Kids who like choose your own adventures; kids who want to make a difference and be agents of change in the world around them; kids who like action stories with a touch of humor.
Would you classify this as science fiction or fantasy?
I’d qualify The Fifth Hero series as science fiction. It takes place in the near-future and I tried to make all the innovations (like the gas-guzzling, disposable scooters) things that could actually exist soon. Yes, the kids gain superpowers by grabbing onto the spheres called the Four Ponies (yes, yes, like the Four Horsemen), but I still tried to keep everything based in science.
About the Author
How did your writing journey begin? Any other interesting jobs you have had?
Oh! I’ve ALWAYS wanted to be a writer. It’s the very first thing, seriously. I asked for a plastic toy typewriter when I was 7 or so, and I used to bang out stories on that. Along the way, I’ve been an editor with magazines, like Cat Companion (ha!), TIME For Kids, Sports Illustrated Kids, Kid City (aka Electric Company), and Scholastic News.
What authors (and/or books) would you say influenced your writing style and/or this book? [And did you read Choose Your Own Adventure books growing up?]
Yes, I did read Choose Your Adventures growing up, but, honestly, I wasn’t always crazy about them.
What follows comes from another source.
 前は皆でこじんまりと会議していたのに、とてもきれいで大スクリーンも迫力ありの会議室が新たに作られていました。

Ugh. That sounds harsh, and I don’t mean to be. It’s just they often left me a little cold, and I wanted to have more connection with the character in the story. So I was determined in my books to make sure that I characters that kids will hopefully care about.
OK, and re writers who influenced me…get ready for name dropping! While I was getting my MFA in Dramatic Writing from Tisch at NYU, I had Arthur Miller teach me playwriting. Um. I know! Crazy, right? Plus, John Guar came in, and David Mamet, and John Patrick Shanley. One writer though who really affected me was a writer named Milan Stitt (he wrote the Tony-winning play The Runner Stumbles). He taught me something called The Major Dramatic Question. Anything worth reading has to have a Major Dramatic Question, he’d say…it’s the question the writer poses at the beginning of the story and maintains the tension around for the entire tale. It’s the reason readers want to keep turning pages, because they have to know the answer to the question.
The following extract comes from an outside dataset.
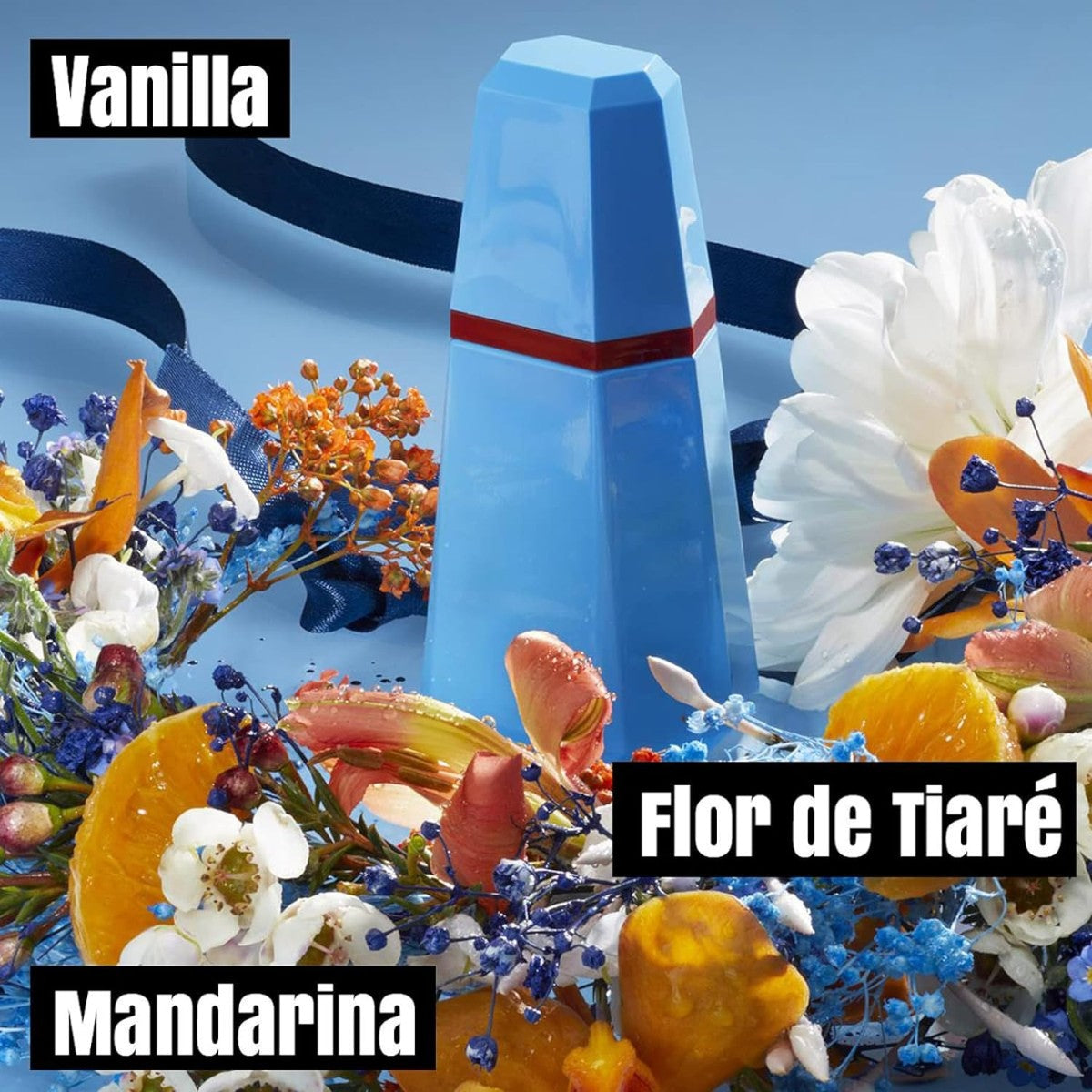 Como esta mítica actiz, el perfume LouLou es sensual, misterioso y salvaje, algo que se refleja en el frasco, con el lado inocente y vulnerable representado por el color azul, y el seductor y pasional del rojo.

Which of the characters in your book would you say you were most like growing up?
People might think I’d be most like Jarrett, who is a little more thoughtful and introspective than the other characters. But honestly, I think I was more like Agnes. I loved playing outside and being a little reckless…my brothers and I would try to have ski spills where we’d lose both skis and our poles (a yard sale, we’d call it) or we’d race backwards down the steepest hills on our skateboards. Agnes is brave, naively at times, when it comes to play, and I think I was the same.
Which power element would you want to possess?
Oh! I’d love to have the power to talk with animals, like Jarrett does. To know more about what my dog is think would be incredible!
Me too! What is something from your childhood that you snuck into the book?
For this book, I included a tiny bit of the feeling of a “crush” I think we all felt when were around 11 or 12. Just that wonderful feeling of liking spending time with someone.
About Writing Series Books
Would you share the premise of the series?
Four 11-year-olds touch powerful spheres that are meant to destroy the world. The kids absorb the spheres and must harness their power to save the planet from the wicked family who wants to convince everyone to move up to the space hotels and colonies. The reader is the 5th Hero who must make decisions at crucial points in the plot to help save the day.
How did you get the idea for a series that addresses climate change?
As Editor of Scholastic News magazine, I get bombarded with the same scary climate news that lots of kids are seeing. And I also get to visit lots of schools…so I could see the environmental issues are very important to kids. I wanted to find a way to empower kids, to show them that they can make a difference…even with very small changes to their daily routine.
Where did you get the idea for this particular book in the series?
The idea for Escape Plastic Island came from just seeing pictures of plastic islands in the ocean, and reading about how the largest one is bigger than the state of Texas. Holy moly. That image just stuck in my head, and I knew had to write about it.
Where in the journey did you decide it would be a series vs. a stand-alone book?
Hopefully the two books so far in the series can stand alone, but the idea for making it a series was baked in from the very beginning.
Can you share any tips for writing a series? [Especially for avoiding too big a recap at the beginning of each book]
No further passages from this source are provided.